## Assigned task
The answer must be an exact copy of the lines from the one with "Victorian 10ct Gold, Bloodstone" to the last line of the entries below, both included, and must contain no pictures.

:::

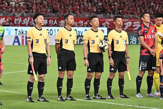 【画像】唐紙学志副審、堀越雅弘第4の審判員、池内明彦主審(左から)と共に鹿島のピッチで試合を裁く!|写真:鈴木颯太朗
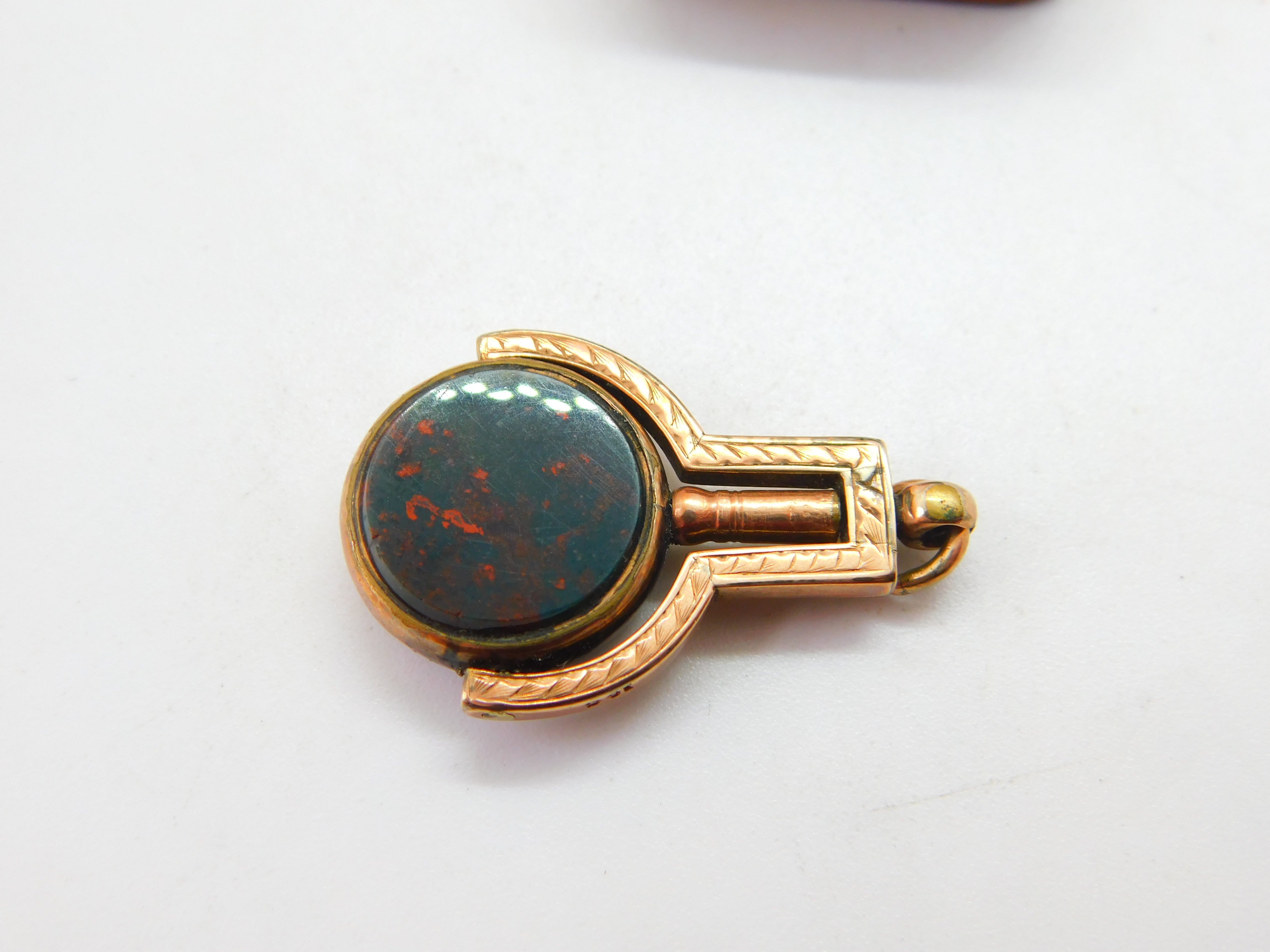 Victorian 10ct Gold, Bloodstone & Carnelian Watch Key Spinner Fob Antique c1900
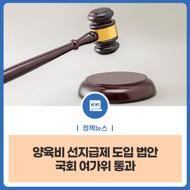 여성가족부는 양육비 선지급제 도입을 주요 내용으로 하는 ‘양육비 이행확보 및 지원에 관한 법률’ 개정안이 국회 여성가족위원회 전체회의를 통과했다고 23일 밝혔다.
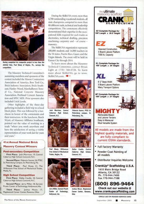 To learn more about the Masonry Technical Committee, contact Bryan Light at (770) 760-0728. To learn more about SkillsUSA, go to www.SkillsUSA.com.
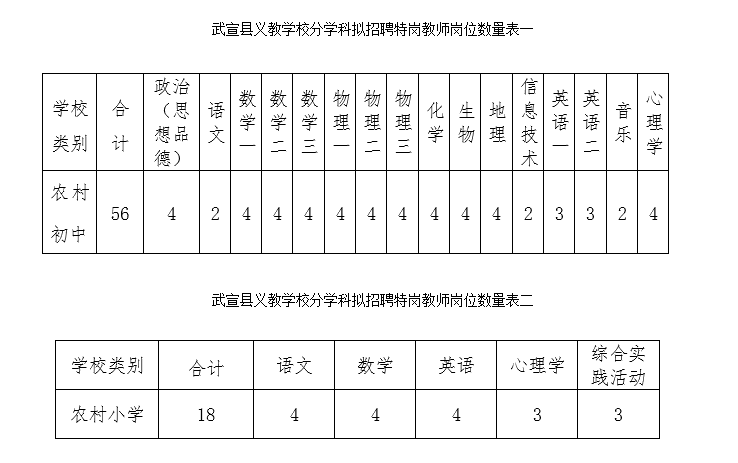 共招聘特崗教師74名,其中:初中56名,小學(xué)18名。具體崗位招聘計劃詳見崗位數(shù)量表一、表二:

:::

## Result of the task
 Victorian 10ct Gold, Bloodstone & Carnelian Watch Key Spinner Fob Antique c1900
 여성가족부는 양육비 선지급제 도입을 주요 내용으로 하는 ‘양육비 이행확보 및 지원에 관한 법률’ 개정안이 국회 여성가족위원회 전체회의를 통과했다고 23일 밝혔다.
 To learn more about the Masonry Technical Committee, contact Bryan Light at (770) 760-0728. To learn more about SkillsUSA, go to www.SkillsUSA.com.
 共招聘特崗教師74名,其中:初中56名,小學(xué)18名。具體崗位招聘計劃詳見崗位數(shù)量表一、表二:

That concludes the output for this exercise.